• **What the task requires**: Find the line containing "Following the premise" in the listing below. Repeat it exactly, along with each following line up to and including the one containing "D's Damat Regular".

• **Provided data**:
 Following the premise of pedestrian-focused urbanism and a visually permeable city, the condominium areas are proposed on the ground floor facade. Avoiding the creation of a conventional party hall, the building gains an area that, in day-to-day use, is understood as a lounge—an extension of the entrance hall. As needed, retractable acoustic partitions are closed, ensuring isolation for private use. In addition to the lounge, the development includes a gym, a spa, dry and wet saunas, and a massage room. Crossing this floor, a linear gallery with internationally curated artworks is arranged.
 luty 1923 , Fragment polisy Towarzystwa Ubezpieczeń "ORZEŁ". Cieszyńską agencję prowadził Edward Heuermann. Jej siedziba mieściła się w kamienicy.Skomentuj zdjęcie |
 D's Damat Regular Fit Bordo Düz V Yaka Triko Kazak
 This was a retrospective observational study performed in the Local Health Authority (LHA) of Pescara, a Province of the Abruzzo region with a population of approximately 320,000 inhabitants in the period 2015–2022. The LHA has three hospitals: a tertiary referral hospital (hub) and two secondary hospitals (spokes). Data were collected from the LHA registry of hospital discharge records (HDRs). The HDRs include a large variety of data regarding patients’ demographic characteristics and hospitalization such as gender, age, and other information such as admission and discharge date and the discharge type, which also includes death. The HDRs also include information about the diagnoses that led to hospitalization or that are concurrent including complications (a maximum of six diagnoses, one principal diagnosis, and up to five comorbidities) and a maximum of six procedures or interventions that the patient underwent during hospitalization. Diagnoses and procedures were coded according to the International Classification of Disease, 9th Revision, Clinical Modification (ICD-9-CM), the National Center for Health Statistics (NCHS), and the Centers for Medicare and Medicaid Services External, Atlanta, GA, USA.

==

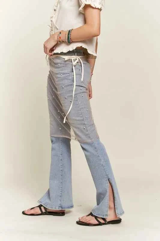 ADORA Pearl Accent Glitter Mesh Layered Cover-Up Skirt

• **Your response**:
 Following the premise of pedestrian-focused urbanism and a visually permeable city, the condominium areas are proposed on the ground floor facade. Avoiding the creation of a conventional party hall, the building gains an area that, in day-to-day use, is understood as a lounge—an extension of the entrance hall. As needed, retractable acoustic partitions are closed, ensuring isolation for private use. In addition to the lounge, the development includes a gym, a spa, dry and wet saunas, and a massage room. Crossing this floor, a linear gallery with internationally curated artworks is arranged.
 luty 1923 , Fragment polisy Towarzystwa Ubezpieczeń "ORZEŁ". Cieszyńską agencję prowadził Edward Heuermann. Jej siedziba mieściła się w kamienicy.Skomentuj zdjęcie |
 D's Damat Regular Fit Bordo Düz V Yaka Triko Kazak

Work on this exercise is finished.